While I understand sambac is not quite as cloying as other jasmine notes, I just did not get any floral from this fragrance. Contrasting it to the uplifting and airy note of jasmine in Vanilla Sky, I think getting a more noticeable jasmine note in this mixture would've helped offset just how heavy and deep this is. There weren't any top notes to give this fragrance any levity. As I said earlier, all the notes here suggest heaviness. However this does make it a very long lasting fragrance, despite the toilette concentration. It lasted me all day and through the gym, the lovely deep base still swirling past me as I moved my arms during my workout, something that made otherwise grueling bicep curls much more enjoyable.
In Vanilla Vice's defense, it was not as aggressive in its sillage as the first two fragrances on this list. Those filled up the air around me and stayed there for about 6 hours before tapering off into their more intimate dry downs. This fragrance is more discreet. It's in the air but I only notice it when I move my arms, wafting it up into my nose before it settles back down.

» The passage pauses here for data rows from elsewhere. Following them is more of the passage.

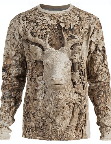 Per uomo Mimetico Cervo Maglietta Manica Lunga maglietta Stampa 3D Girocollo Camicia Moda All'aperto Streetwear Sport all'Aperto Caccia Marrone Scuro verde 1# Marrone chiaro Estate Primavera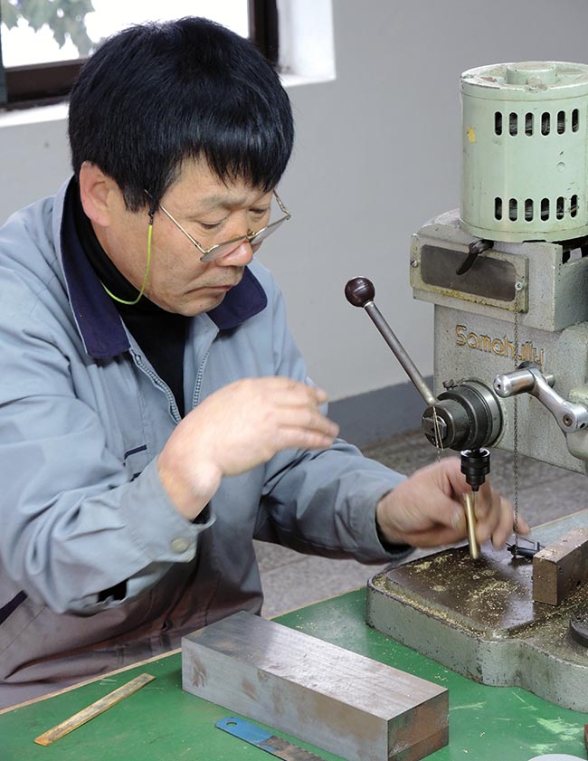 In the photo below, Mr. Kong is processing the air reservoir tanks that are to be mounted under the running boards. Close attention has to paid since there are two types of cylinders used based on specific model versions.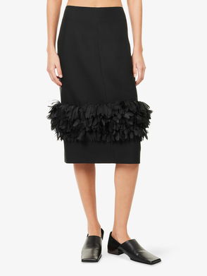 The Petal pencil skirt from Toteme features a wide band of silk petals that mimic the gentle movement of feathers. The piece boasts precise darted construction cut from a wool and silk fabric.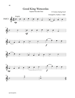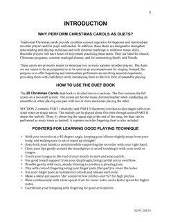 These traditional carols provide beloved concert repertoire for the holiday season. They are ideal for church, Christmas programs, concerts, madrigal dinners, and for entertaining. The duets are in easy keys with simple notation and two-part harmonies, suited for beginning and intermediate recorder players or for pupil and teacher.
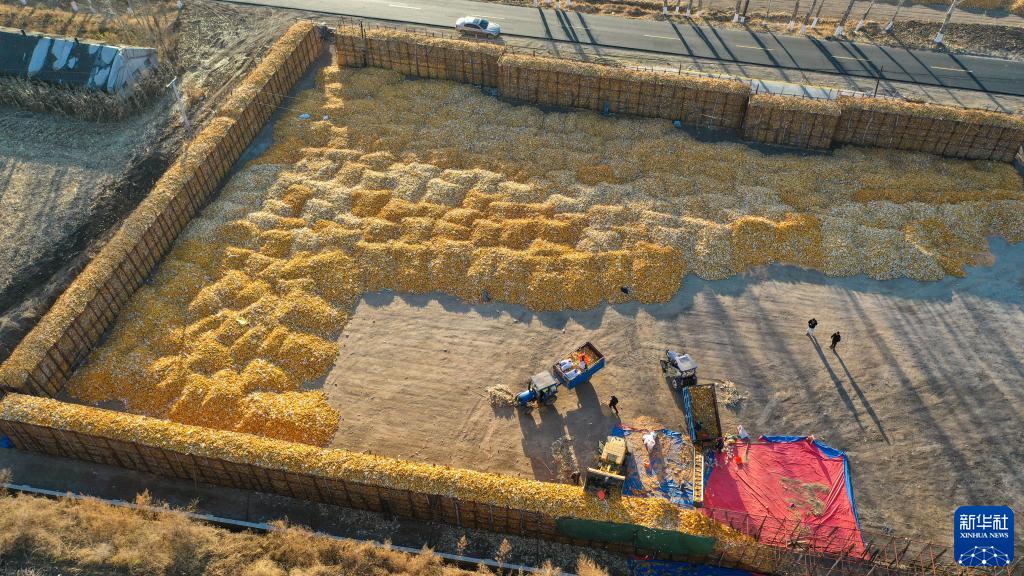10月30日,在吉林省德惠市達(dá)家溝鎮(zhèn)杏山村大春家庭農(nóng)場(chǎng),農(nóng)民將收獲的玉米裝進(jìn)科學(xué)儲(chǔ)糧倉(無人機(jī)照片)。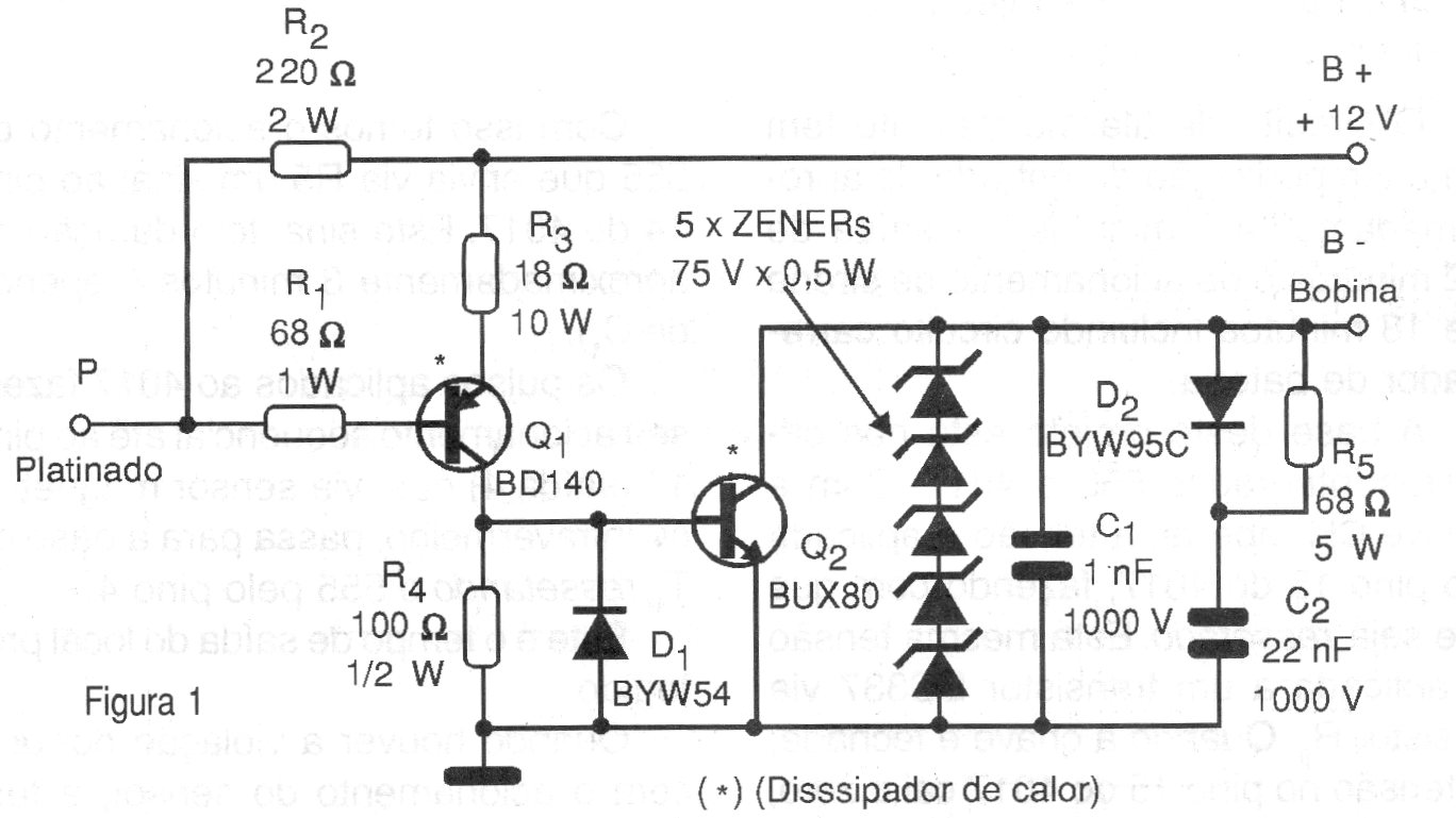 Este circuito es de 1999, cuando la mayoría de los vehículos todavía no poseía ignición electrónica y utilizaba platinados. El circuito consiste en una ignición asistida en la que el platino controla un circuito electrónico para producción de alta tensión. El transistor de potencia debe montarse en un excelente disipador de calor.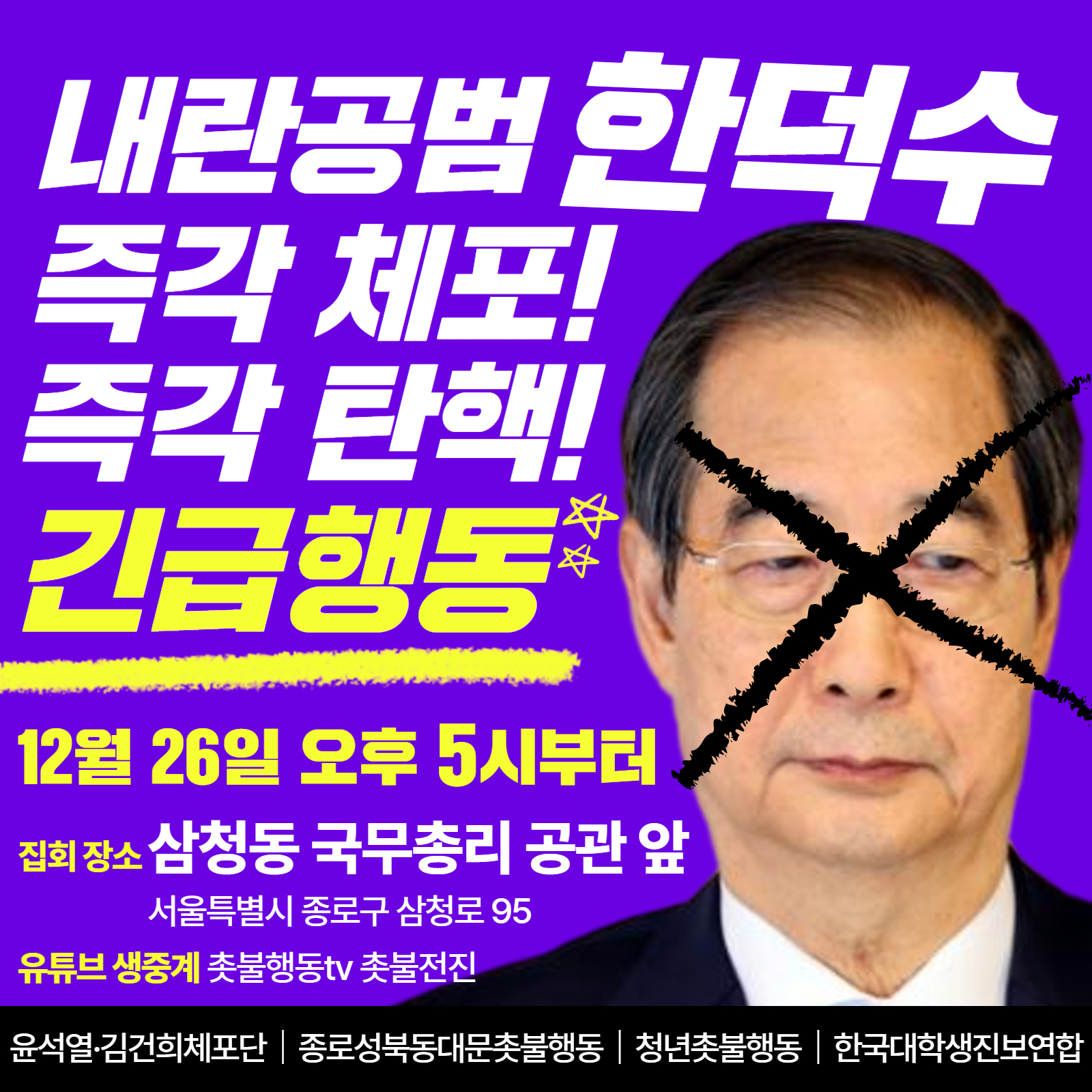 서울 종로 12월26일(목) 5시 삼청동 국무총리 공관 앞 내란공범 한덕수 측각탄핵 긴급행동

This is one that someone would need to be a little closer to you to smell, but the smoky aspect of this fragrance means that anyone getting that intimate is rewarded with a scent that's a little sexy while being delectable.
Overall
In terms of complexity I think Vanilla Sky has the most to lead your nose through, with Vanilla Vice and Vanilla Woods both having a variety of notes but overall a fairly comprehensive and simple linear wear. Wild Vanilla Orchid was the most simple, just gentle white florals and a medium rich vanilla sandalwood base, generally the same from initial spray to dry down.
I think Vanilla Vice is probably the one I would suggest for someone looking for an everyday, easy vanilla from the pack, because it vanilla forward, is a little toasted and soft for a good interplay of notes, is more interesting than a plain vanilla, but remains a fairly even wear throughout the day. Vanilla Sky would be one I would also feel confident recommending, since it is full on vanilla the whole way through, but is certainly more sweet for those looking for a very obvious gourmand. My only caution on Vanilla Woods is it's a little more masculine with the tobacco and woods, but if you like that, then definitely give it a go. The vanilla is still very prominent, it's just a lot less sweet than most popular vanilla gourmands available. Wild Vanilla Orchid is just to me the most plain of the ones here. Not that there's anything wrong with it, but there's nothing to write home about. A good, simple, easy fragrance that only you will smell for the whole work day and be gone in time for you to go to bed.
I had fun with these. Despite wearing vanillas for a week and seeing a variety of ways it can be blended in with other notes, none of these wowed me, but that's only because of my own apathy towards vanilla, not because these were bad scents. I remain on the hunt for a vanilla that will knock my socks off. If you have any suggestions for a vanilla for me to try, leave it down below and I'll see what the fuss is about.